Problem to work on:
Each line of the data below should be restated exactly, with images left out.

===== Data extract

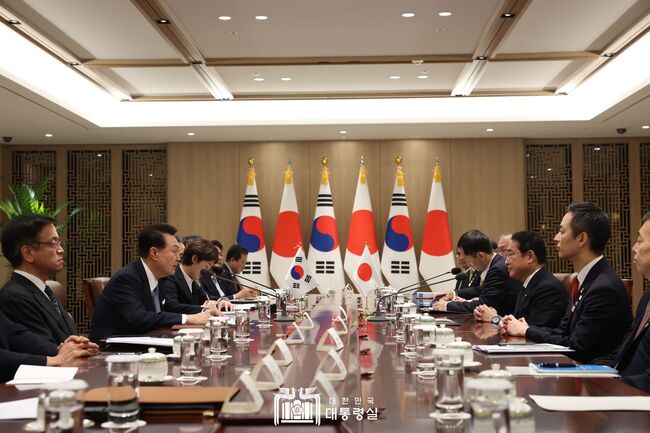 윤석열 대통령이 6일 방한한 「기시다 후미오(岸田文雄)」 일본 총리와 15:35-17:15 약 100분 간 한일 정상회담을 가졌다.
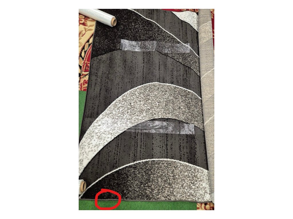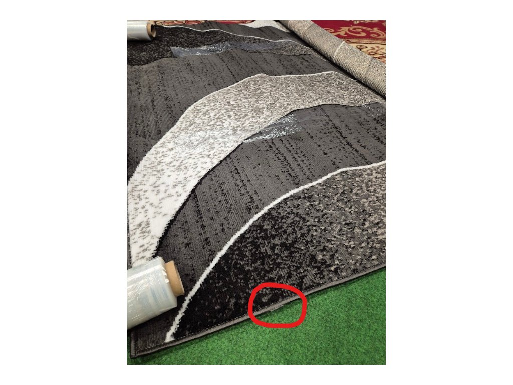 Poškozený koberec s vadou z přepravy. Poškozený okrajový lem (rozsah 2,5 cm). Fotografie poškození v galerii za úvodní fotkou.
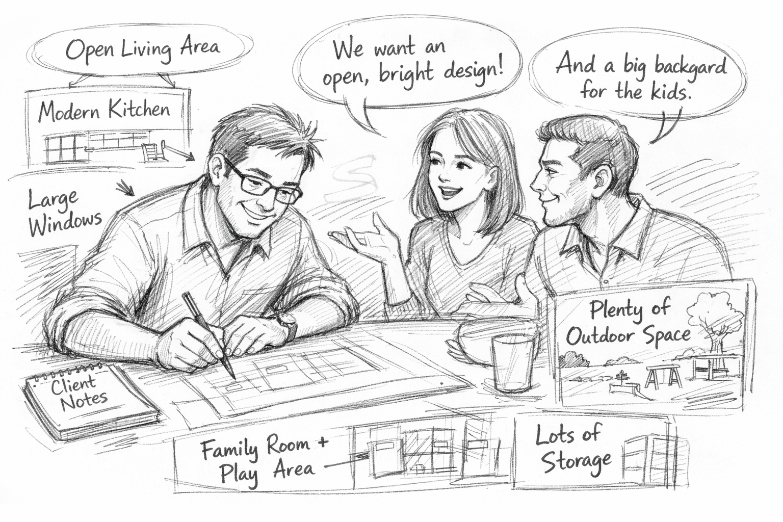 Most clients don’t come to an architect with clarity. They come with excitement, anxiety, Pinterest boards, and a deep attachment to what already feels familiar.

==========

Reply to the task:
 윤석열 대통령이 6일 방한한 「기시다 후미오(岸田文雄)」 일본 총리와 15:35-17:15 약 100분 간 한일 정상회담을 가졌다.
 Poškozený koberec s vadou z přepravy. Poškozený okrajový lem (rozsah 2,5 cm). Fotografie poškození v galerii za úvodní fotkou.
 Most clients don’t come to an architect with clarity. They come with excitement, anxiety, Pinterest boards, and a deep attachment to what already feels familiar.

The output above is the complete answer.